Excluded Security Risk: Because the Funds do not invest in Excluded Securities, the Funds may be riskier than other funds that invest in a broader array of securities. Biblically Responsible Investing (BRI) may not be successful. Because each Fund’s respective index is reconstituted only at prescribed times during the year, a Fund may temporarily hold securities that do not comply with the BRI filtering criteria if the application of the criteria is changed in between these dates.

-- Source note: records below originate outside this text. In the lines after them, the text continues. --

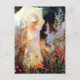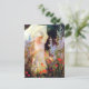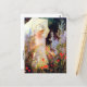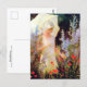 A fine art postcard with the painting by the American artist Charles Courtney Curran (1861-1942), titled Blue Delphiniums. A woman dressed in white with a parasol admiring the garden of blue and red flowers.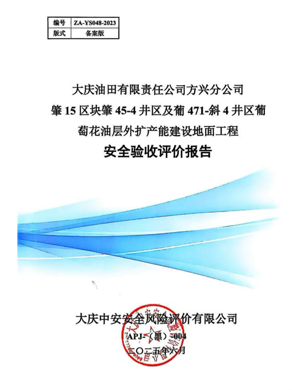 大庆油田有限责任公司方兴分公司肇15区块肇45-4井区及葡471-斜4井区葡萄花油层外扩产能建设地面工程安全验收评价 |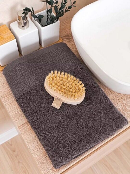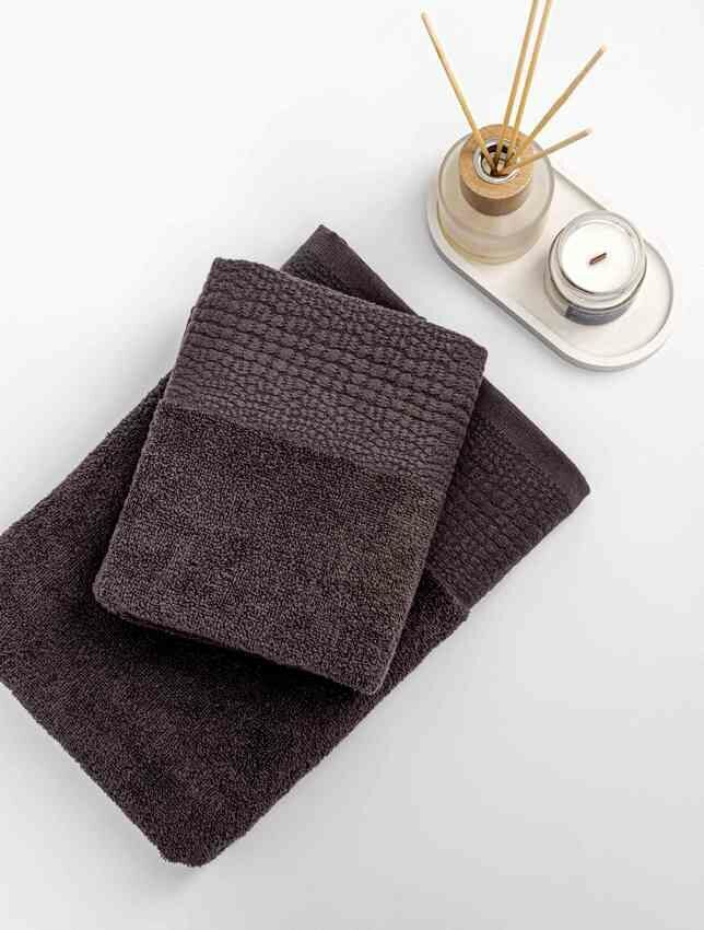 Коллекция однотонных полотенец с жаккардовым бордюром в ЭКО-стиле.

Because an Index’s allocation to cash versus securities is determined at month-end, there is risk that the respective index, and thus the Funds’, will not react to changes in market conditions that occur between reallocations. The Funds’ will incur transaction costs and potentially adverse tax consequences in the event the Index allocates to cash. There is no guarantee that the Indices’ prescribed defensive strategy, if employed, will be successful in minimizing downside market risk.
Risks specific to TPLE
The securities of large and mid cap companies may underperform the securities of smaller cap companies or the market as a whole. Larger, more established companies may not respond as quickly to competitive challenges (such as changes in technology and consumer tastes) and their growth rate may lag those of those of smaller companies, especially during periods of economic expansion.
Risks specific to TPHE
The Fund’s high dividend strategy may not be successful. Dividend paying stocks may fall out of favor relative to the overall market. The securities of large capitalization companies may underperform the securities of smaller capitalization companies or the market as a whole. The growth rate of larger, more established companies may lag those of smaller companies, especially during periods of economic expansion.